My low back stills have some moderate pain throughout the day but it is tolerable.  My PT supposedly "fixed" my sacrum a couple of weeks ago by doing some crazy stretch of my upper body in one direction and then she lifted one of my legs up and stretched it in the other direction.  I felt a weird stretch like sensation that I have never felt before and all I initially had was pain from the weird muscle she stretched BUT I took 7 percocets that day along with the morphine so something could have been injured but just didn't know it until I went into withdrawals earlier this week from the lower dose of Opana.  I hope the disc touching the S1 nerve root didn't push out more.  The Opana is helping a lot more with this additional severity of low back pain and the pain that radiates up into my upper back and shoulders is completely gone for most of the day.  Sometimes it breaks through during the day but it is only for about 15 mins versus just lingering on and on.  Upper back pain was a frequent complaint when I was on the morphine.

Earlier in the week before the Opana really started to kick in the pain in my lower back was the worst it has been in months!  The pain was running through my butt and shooting down to my ankles!  Every step I took was excruciating!  My doctor said that I could take 45 mg of Opana during the day if I needed it since I also have generic 15 mg tabs on hand.  I instead decided to step up to originally prescribed nighttime dose of 30 mg of Opana and the next day I could get around a lot more easier.  But when I go in next month for an appointment, I am going to ask him if I could take the 15 mg Opana either together with the 30 mg Opana in the morning or 8 hours after taking the morning dose of 30 mg similar to how weathergirl has her dosing schedule set up.  This would give me more flexibility from the long acting medicine for days when I have really bad pain flares and would further reduce the IR breakthrough meds that I would need to take.

But I am AMAZED at the change in the results!  Yesterday I took 2 percocets at 7:45 am and 30 mg of Opana at 9:00 am.  I had pretty consistent pain relief until 5:30 pm!!!  I have never been able to go that long without taking an IR med for breakthrough pain since I started opioids.  So when the dose is therapeutic, the Opana does last pretty much the full 12 hours!  The only other test is its effectiveness when cleaning the house or during some other high activity level task.  The extreme fatigue that I had earlier in the week has disappeared but it is still very sedating and I can actually feel when additional medicine is being released as a wave a tiredness (and sometimes dizziness) overcomes me for about 15 mins and then it is gone but repeats itself several times throughout the day.

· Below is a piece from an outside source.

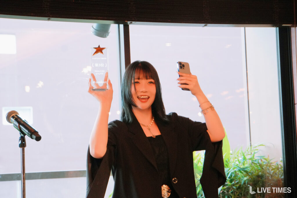 「ライブ配信を始めて5年目になります。CARVEOUTには9月に加入したばかりで、それまでは別のところで活動していました。配信を通じていろんな良さを伝えていきたいと思ってやってきた中で、昨日のオフ会でみんなが宣伝してくれて、本当にリスナーさんに感謝しています。トロフィーは大切に飾りたいと思います」

I will continue to keep you all posted but I am starting to really like the Opana.  

femmy  :)  
Helpful - 0
1331804 tn?1336867358
Hi All:

I am home early from work today so I thought I would drop in again and say hello and let you know how I am doing and respond to the comments from all of your posts.  :)

All of you were spot on regarding the dosing.  I just freaked myself out reading stuff on the internet LOL! But I do appreciate all of you backing up my decision to seek further clarification from my doctor.

My body quickly adapted to the medication within 24 hours.  The 30 mg tablet was a lot stronger, but again, no respiratory depression just a stronger fog came over me.  I waited in the car outside of my office building to let the medicine peak at the hour mark before going inside to make sure I wouldn't have issues that I wouldn't want my coworkers to see.  Nothing bad happened and in fact I had pretty good pain control until about 2 pm yesterday.  I had to take one 5mg percocet at the time and also at 6 pm.  The breakthrough pain was a lot worse as with the old medications I knew the precise times pain would breakthrough so I took the percocet around those times every day.  So I think waiting on the breakthrough pain to hit made it stronger.  It was bad...shooting pain down my legs all the way to the ankles and through the gluts (I haven't felt that in months, it usually just shoots down my mid thigh and through the gluts...rarely down my entire leg).  

My doctor told me to call him on Friday and let him know how things were going.  He said at my appointment on Monday that I shouldn't need any breakthrough meds but that is so not true.  I needed 2 percocet yesterday and 3 percocet today (could have probably used 4) but it is better than the 7-8 percocets that I was taking.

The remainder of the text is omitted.